- Ramlochan in 2022
- Born: 1986 (age 39–40) St. Joseph, Trinidad
- Occupations: Poet, arts reporter and blogger
- Notable work: Everyone Knows I Am a Haunting (2017)
- Website: shivaneeramlochan.com

= Shivanee Ramlochan =

Trinidadian writer (born 1986)

Shivanee Ramlochan (born 1986) is a Trinidadian poet, arts reporter and blogger. Her first collection of poems Everyone Knows I Am a Haunting was shortlisted for the 2018 Felix Dennis Prize for best first collection.

== Life ==
Shivanee Ramlochan was born in 1986 in St. Joseph, Trinidad. She took part in the Cropper Foundation Residential Workshop for Caribbean Writers in 2010. She has received residencies and grants from Catapult Caribbean Arts, Bread Loaf, and Millay Arts.
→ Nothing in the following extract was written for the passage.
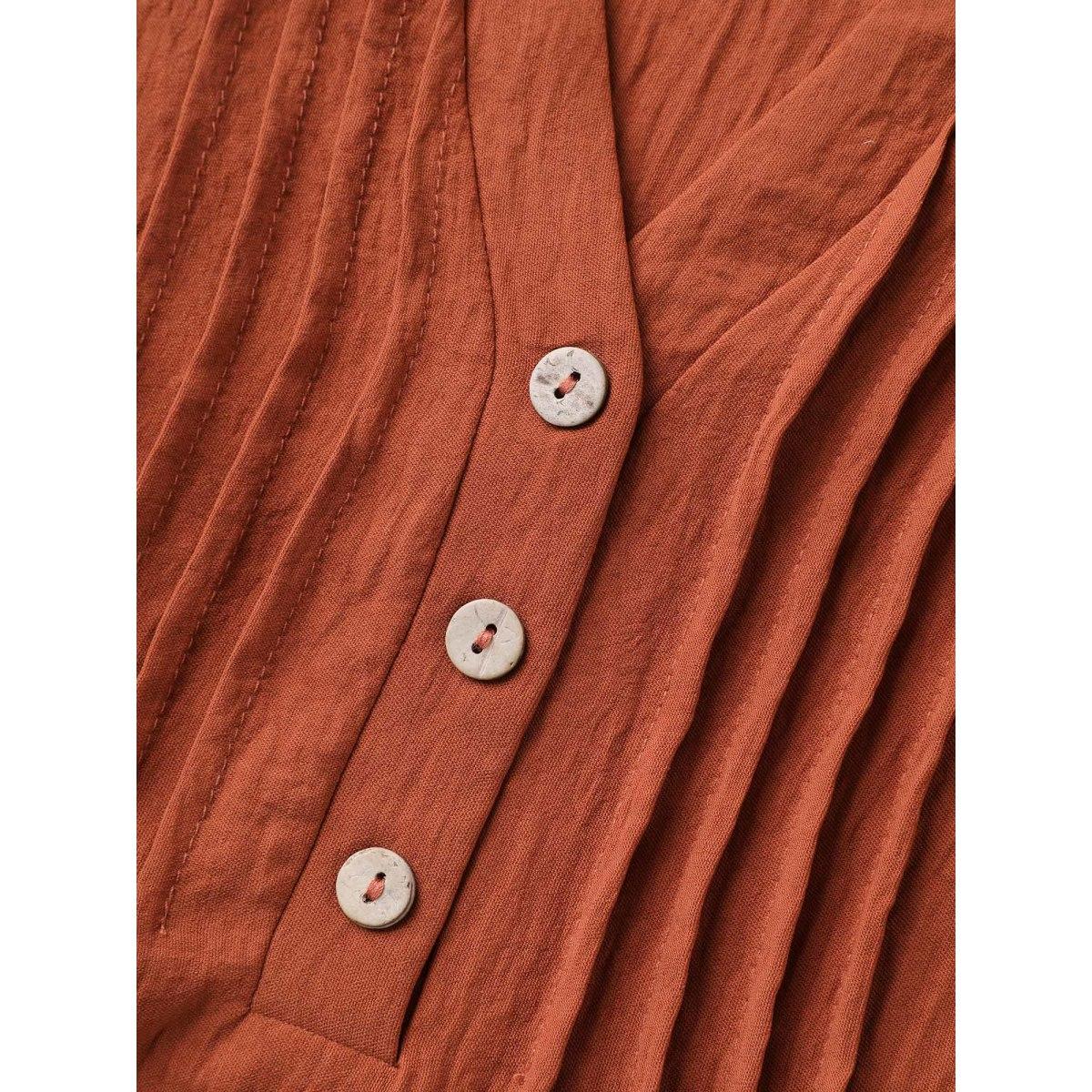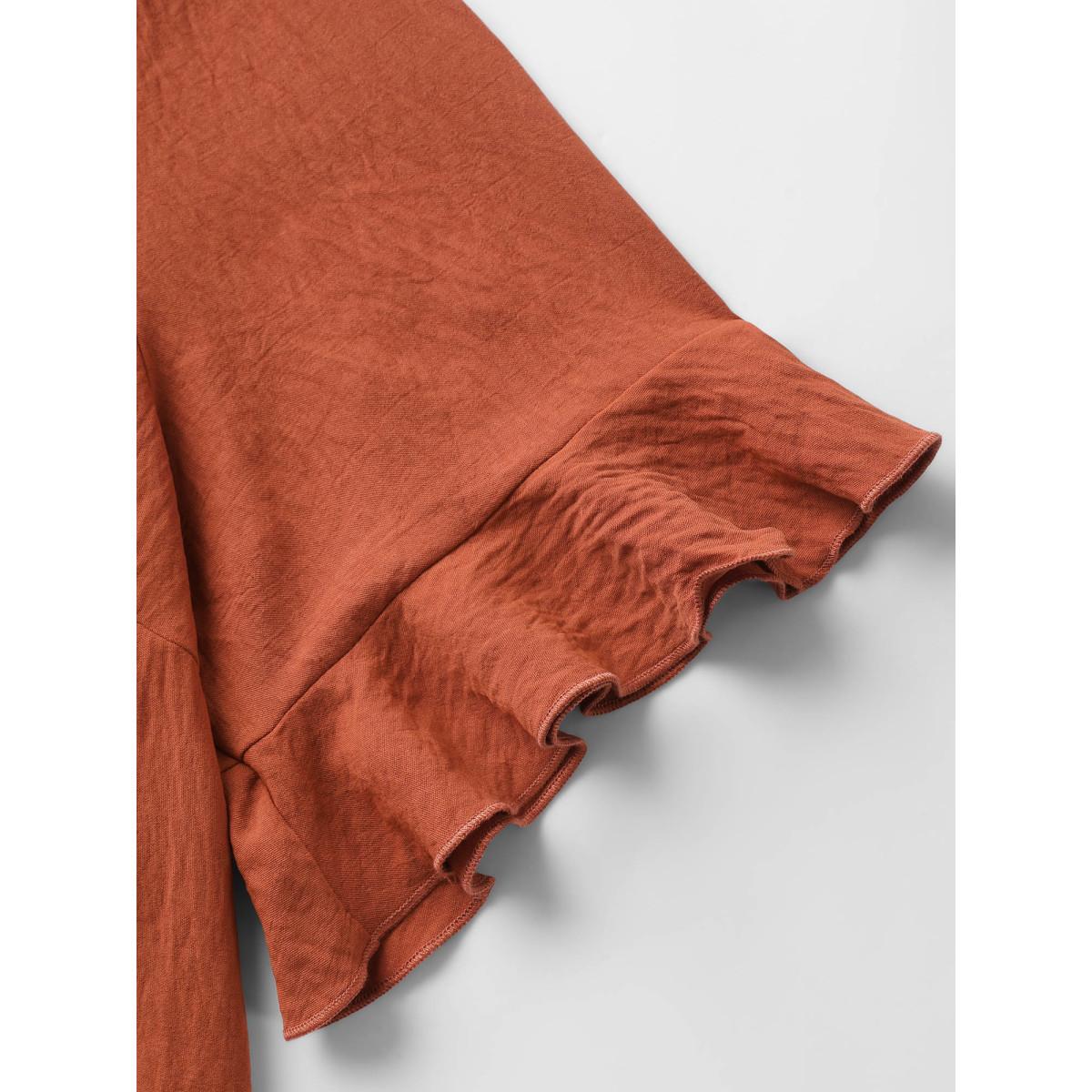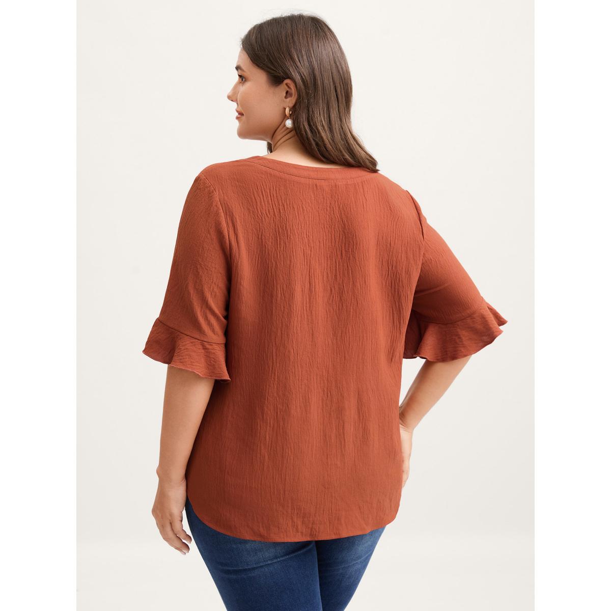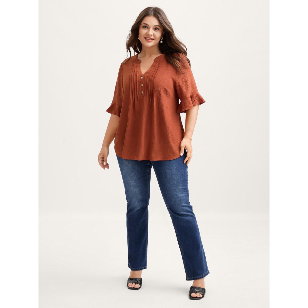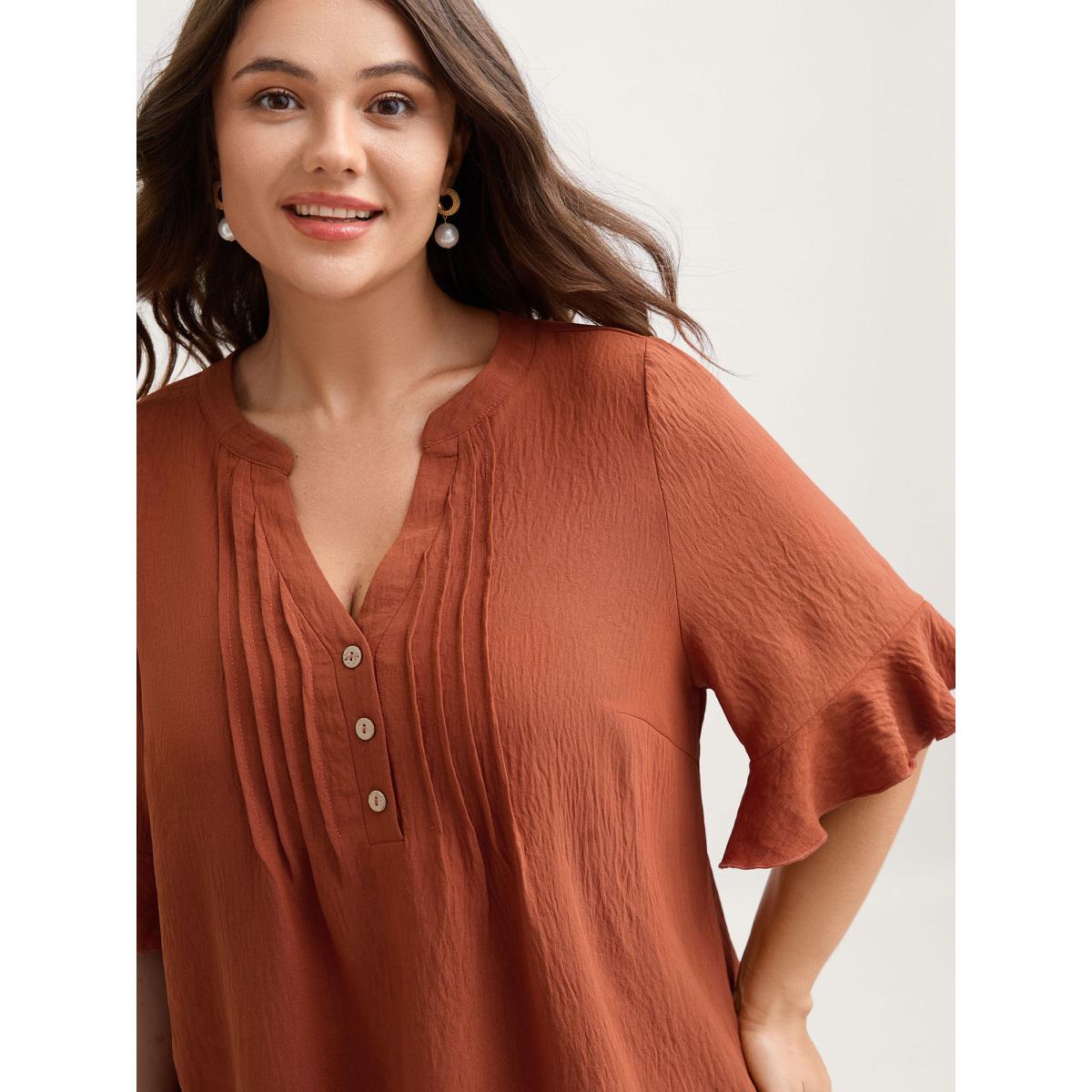 Plus Size Rust Toothpick Pleats Ruffled Sleeve Solid Blouse Women Timeless Half Sleeve Flat collar with V-notch Elegant Blouses BloomChic 18-20/2X

She is deputy editor of the Caribbean Review of Books and book review editor for Caribbean Beat magazine. She is part of the team that runs the NGC Bocas Lit Fest. She writes for the festival and for Paper Based Bookshop, Trinidad and Tobago's oldest bookshop.

Since 2010, she has also written about books for her personal blog Novel Niche, providing "Queer & Transgressive Close Readings from the Ungovernable & Dangerous Margins".

== Writings ==
Her work has been published in the Caribbean Review of Books, tongues of the ocean, and Draconian Switch.

Several of her poems featured in the anthology Coming Up Hot: 8 new poets from the Caribbean (Peekash Press, 2015, ISBN 978-1-84523-309-9).

In 2017, she published her first collection of poems Everyone Knows I Am a Haunting with Peepal Tree Press. Reviewing this collection in The Guardian, Sarala Estruch noted: "This astonishing debut gives voice to sufferings and struggles of women, the queer and non-binary, reminiscent of Audre Lorde's call for 'the transformation of silence into language and action'. But what makes this collection truly revelatory is its bold envisioning of a Trinidad – and, beyond that, a world – in which identities and hierarchies of power are fluid rather than fixed. It is a fierce world, ripe with possibility: 'I am the queen / the comeuppance / the hard heretic nature intended.

In 2019, Ramlochan collaborated with Bahamian book artist Sonia Farmer on "The Red Thread Cycle", an artist book project using Ramlochan's words and Farmer’s visual design that was on display at the National Art Gallery of the Bahamas.

Ramlochan has cited Jean Rhys, Vahni Capildeo, and Gaiutra Bahadur as influences. Ramlochan has also noted her "creative community with Douen Islands, an artistic performance collective founded by Trinidadians, poet Andre Bagoo and graphic designer Kriston Chen".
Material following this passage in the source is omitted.